Two Cases in Need of User-Defined Conversions

This section presents two typical examples that call for the implementation of user-defined conversions.

In the first scenario, we attempt to assign a variable called simpleTimeSeconds of type uint to an object of the user-defined TimeSpan class, presented in the previous section:

 class TimeSpan {     private uint totalSeconds;     ... } ... class TimeSpanTest {     public static void Main()     {         ...         uint simpleTimeSeconds = 30;         TimeSpan myTime;         myTime = simpleTimeSeconds; }     ... } 

However the line:

 myTime = simpleTimeSeconds; 

is invalid because the compiler does not know how to convert a value of type uint to a value of type TimeSpan.

To us humans an obvious conversion would be to assign the value of simpleTimeSeconds to myTime's totalSeconds, but the compiler does not (yet) show many signs of artificial intelligence, and cannot possibly know how to perform this conversion. Later you will see how the compiler can be instructed to perform the needed conversion by including a user defined implicit conversion in TimeSpan.

The compiler also faces a problem if we try to convert from one user-defined object to another user-defined object. The next example illustrates this.

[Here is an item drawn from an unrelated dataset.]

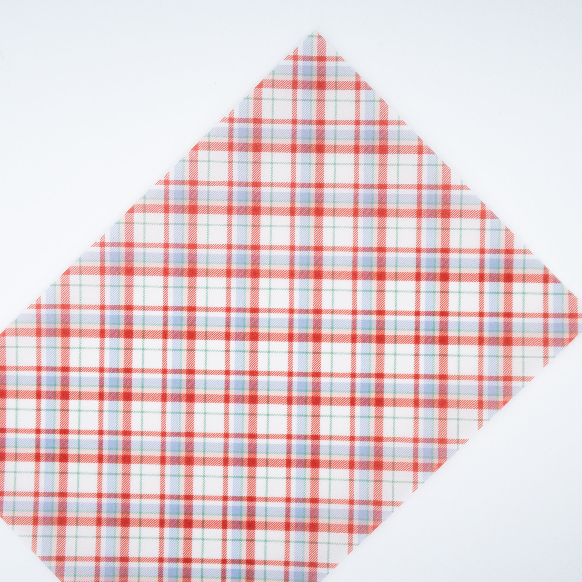 One sheet of A4 printed vellum or acetate with a plaid design in wintery shades.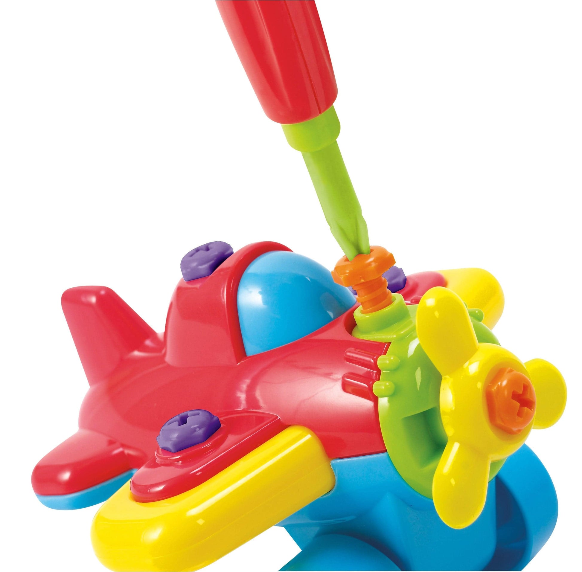 This junior-mechanic set has a working power tool and a shop full of parts to build three free-wheeling vehicles! A motorcycle, prop plane, and race car are sized right for small hands and feature moving parts. Includes tool box, dull child-safe electric power drill and manual screwdriver, and extra screws. Everything stores neatly in portable storage box. Requires 2 AA batteries, not included.

We are writing a computer program for the space shuttle that will bring us to planet Blipos. Among other things, the program manipulates times on Earth along with times on Blipos. According to Chapter 6, a day on planet Blipos consists of 65535 minutes, a minute is 256 seconds, and a second is exactly the same duration as a second here on Earth. The differences between time measuring on Earth and Blipos prompts us to include two classes called BliposTimeSpan and EarthTimeSpan to represent time spans on Blipos and Earth, respectively. (The EarthTimeSpan is similar to the TimeSpan class previously presented in Listing 14.7). Both time span classes represent a time span internally with an instance variable called totalSeconds, which is of the same type uint, as illustrated in the next code snippet.


graphics/14infig03.gif

However, the last line cannot be performed without any rules for how to convert from one object type to another. In a moment, we will look at how this problem can be solved by specifying a user-defined conversion.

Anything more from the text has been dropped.